*Information shown:*
+---+

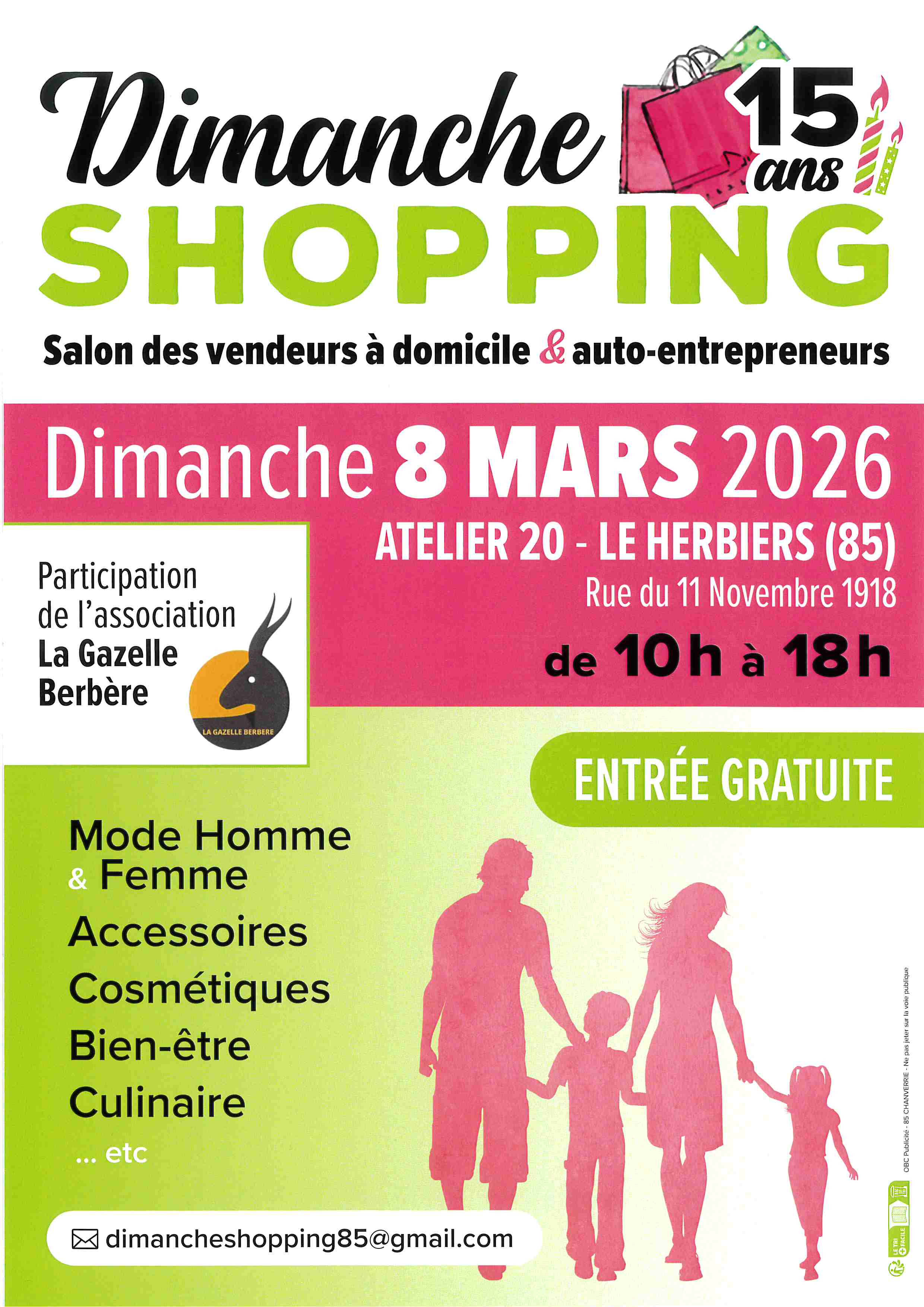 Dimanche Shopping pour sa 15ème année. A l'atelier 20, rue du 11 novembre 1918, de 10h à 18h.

+---+

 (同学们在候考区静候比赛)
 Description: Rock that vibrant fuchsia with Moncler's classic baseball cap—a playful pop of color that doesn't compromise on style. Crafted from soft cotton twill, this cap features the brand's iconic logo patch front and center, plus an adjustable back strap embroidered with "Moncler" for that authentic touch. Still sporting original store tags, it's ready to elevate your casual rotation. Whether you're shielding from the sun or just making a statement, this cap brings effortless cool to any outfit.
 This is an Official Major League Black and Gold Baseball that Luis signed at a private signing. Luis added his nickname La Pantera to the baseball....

+---+

*Problem:* Beginning at the line with "Description: Rock that" and ending at the line with "This is an Official", reproduce each line of the data above exactly, and add no other lines.

*Output below:*
 Description: Rock that vibrant fuchsia with Moncler's classic baseball cap—a playful pop of color that doesn't compromise on style. Crafted from soft cotton twill, this cap features the brand's iconic logo patch front and center, plus an adjustable back strap embroidered with "Moncler" for that authentic touch. Still sporting original store tags, it's ready to elevate your casual rotation. Whether you're shielding from the sun or just making a statement, this cap brings effortless cool to any outfit.
 This is an Official Major League Black and Gold Baseball that Luis signed at a private signing. Luis added his nickname La Pantera to the baseball....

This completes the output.